Whilst that may not sound impressive given the PUBG: Battlegrounds' record-breaking peak currently sits at a hefty 3.2m players, it's important to note that even though TF2 is widely considered one of the greatest shooters of all time, it's just about to turn 16 years old.
According to SteamDB, the game has never been more popular, not even when it switched from a premium to a free-to-play model in 2011. And the most recent record of 253,997 concurrent players more than doubles the prior record of 167,591, which was set back in December 2022.
The spike is likely attributable to Valve's all-new time-limited Team Fortress 2 summer event that introduced several new maps, taunts, effects, war paints, and more.
Team Fortress 2 isn't the only classic Valve game gaining traction, either.
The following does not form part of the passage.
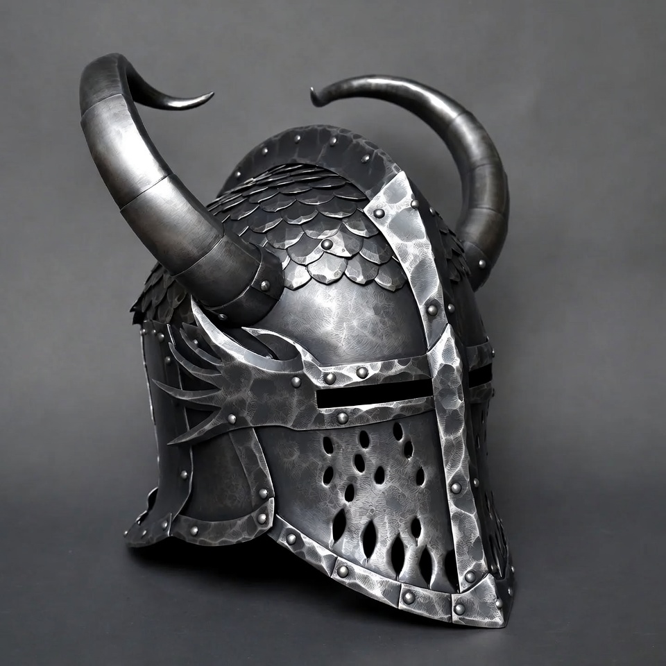 Norse helmet, armor prop, battle helmet, cosplay helmet, curved horns, dark background, dragon helmet, fantasy armor, forged metal, helmet closeup, historical helmet, horned helmet, isolated background, medieval helmet, metal helmet, scale armor, silver helmet, warrior helmet, wing design, Viking helmet

In May, Counter-Strike: Global Offensive (CS:GO) once again broke its all-time concurrent PC user peak, smashing not only its own simultaneous user record, but cementing itself as one of Steam's biggest-ever games.
A leaker uploaded Valve's "entire asset repository" earlier this year, including asset repositories of Valve games as they were in 2016, including Portal, CS: Source, Team Fortress 2, Day of Defeat: Source, and Half-Life 2: Episodes 1, 2, and Half-Life 2 multiplayer.